Baruch Spinoza was accused of atheism because he believed that God is the immanent, not transitive, cause of everything in the universe. Which means he probably would have said that evolution by natural selection is nothing more or less than God’s will at work in the world of living creatures. Allow me to end this lengthy exposition with a quote from Spinoza’s Ethics, published after his death in 1677, that Dawkins could have written today:
[People] find—both in themselves and outside themselves—many means that are very helpful in seeking their own advantage, e.g., eyes for seeing, teeth for chewing, plants and animals for food, the sun for light, the sea for supporting fish … Hence, they consider all natural things as means to their own advantage. And knowing that they had found these means, not provided them for themselves, they had reason to believe that there was someone else who had prepared those means for their use. For after they considered things as means, they could not believe that the things had made themselves; but from the means they were accustomed to prepare for themselves, they had to infer that there was a ruler, or a number of rulers of nature, endowed with human freedom, who had taken care of all things for them, and made all things for their use.
And since they had never heard anything about the temperament of these rulers, they had to judge it from their own. Hence, they maintained that the Gods direct all things for the use of men in order to bind men to them and be held by men in the highest honor. So it has happened that each of them has thought up from his own temperament different ways of worshipping God, so that God might love them above all the rest, and direct the whole of Nature according to the needs of their blind desire and insatiable greed. Thus this prejudice was changed into superstition, and struck deep roots in their minds. (I, Appendix)
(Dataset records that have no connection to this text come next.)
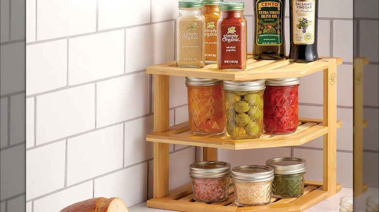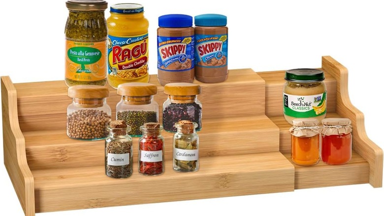 If you store your spices and seasonings on a shelf in a cabinet or in the pantry, then this bamboo spice rack might be the solution you've been searching for to keep everything organized and accessible. With its 3-tiered design, it is easier to identify which seasonings are in the middle or back rows — and to remove them without knocking everything else over or emptying out the cabinet. This option also features an expandable design (between 12.7 and 22.2 inches wide), allowing it to fit in the space that you have available.
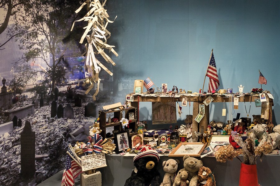 The ‘9/11’ and ‘Fire’ display cases in the ‘Objects Tell Stories’ exhibition at the New-York Historical Society. Photo: Corrado Serra
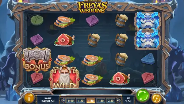 The layout of this game is pretty standard and consists of 5 reels with 30 possible paylines. In most jurisdictions you can also select the Autoplay option when playing Tales of Asgard Freyas Wedding. You can choose from 10, 25, 50, 100 or even more spins. You can opt to stop Autoplay on a win, if a single win exceeds a certain amount, or if your balance increases or decreases by a chosen amount. This is a great way to stay in control and to play more responsibly.
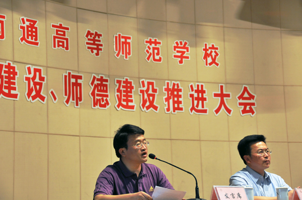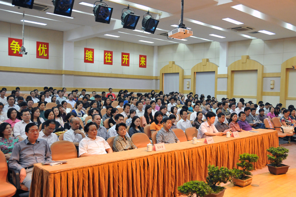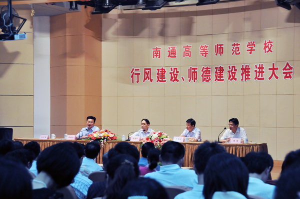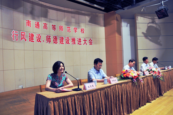 6月3日下午,我校在4楼报告厅召开“行风建设、师德建设推进会”,全体教职工参加了大会。会议由副校长、党委纪检委员潘健同志主持。党委书记、校长郭毅浩同志作主旨讲话。他认真剖析了目前我校行风建设、师德建设存在的主要问题,并就如何加强和改进我校的行风、师德建设进行了具体部署。
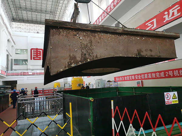 中國(guó)電力網(wǎng)訊 近日,內(nèi)蒙古大唐國(guó)際海勃灣水利樞紐開(kāi)發(fā)有限公司在緊鑼密鼓地開(kāi)展2號(hào)機(jī)組A級(jí)檢修工作,按照工期計(jì)劃安排,現(xiàn)場(chǎng)檢修工作有序推進(jìn),施工安全、進(jìn)度及質(zhì)量可控在控,開(kāi)工一周內(nèi),流道蓋板已成功吊出。
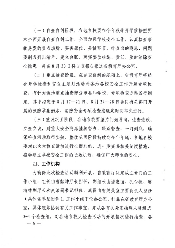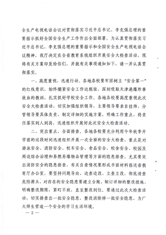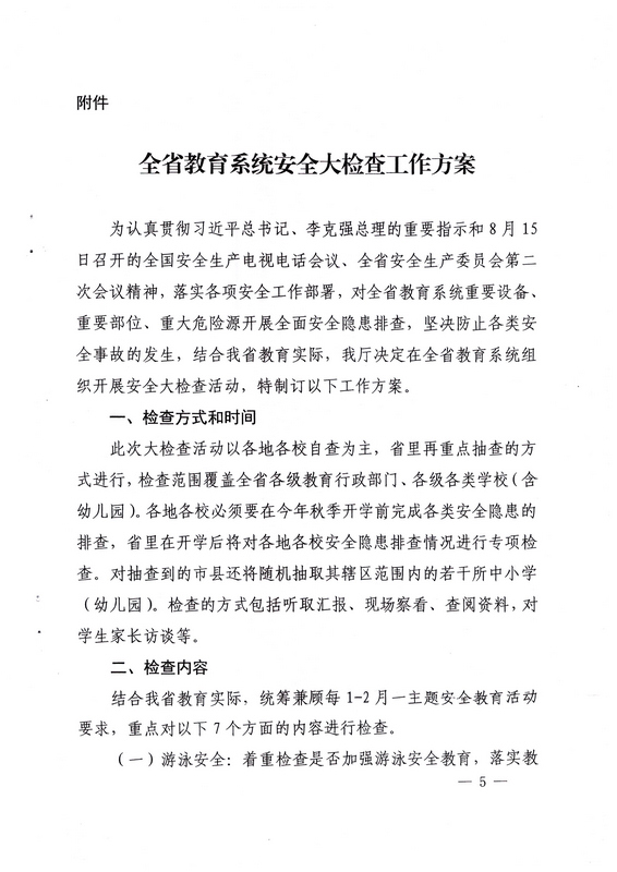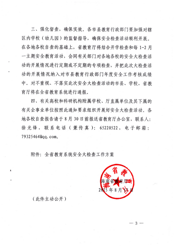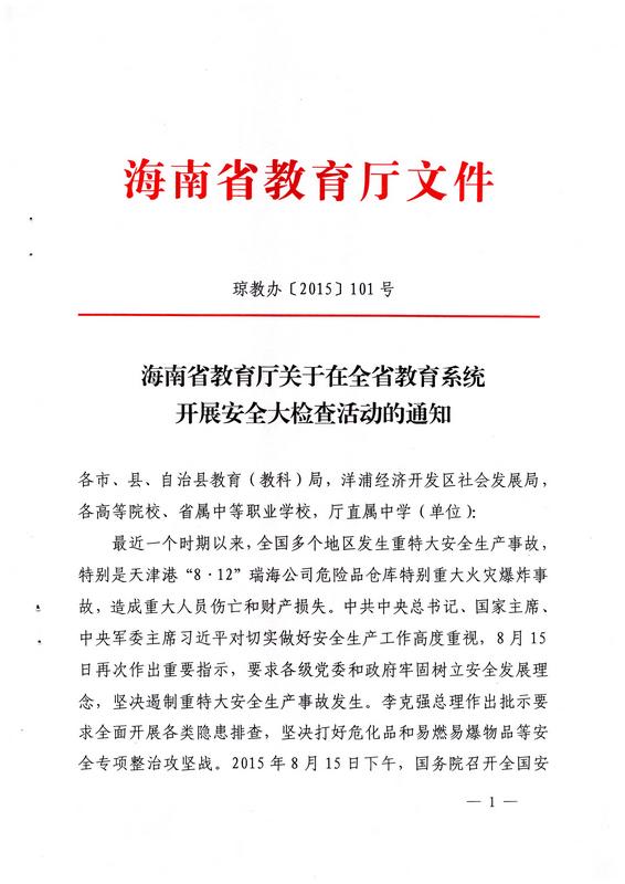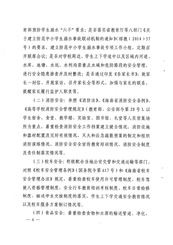 轉(zhuǎn):海南省教育廳關(guān)于在全省教育系統(tǒng)開展安全大檢查活動的通知

The theological and philosophical foundation for evolution science has been around for quite a while. It took Darwin’s rejection of superstition for reason to reveal to us its contours, and it takes people like Richard Dawkins today to keep the light of objectivity shining.
Spinoza believed that the greatest virtue–the greatest blessedness–man could achieve was gaining, through reason and understanding, an intellectual love of God. Contrary to the superstitious and anthropomorphic beliefs of the creationists, understanding and embracing evolution science offers a clear path towards the blessedness we all naturally seek.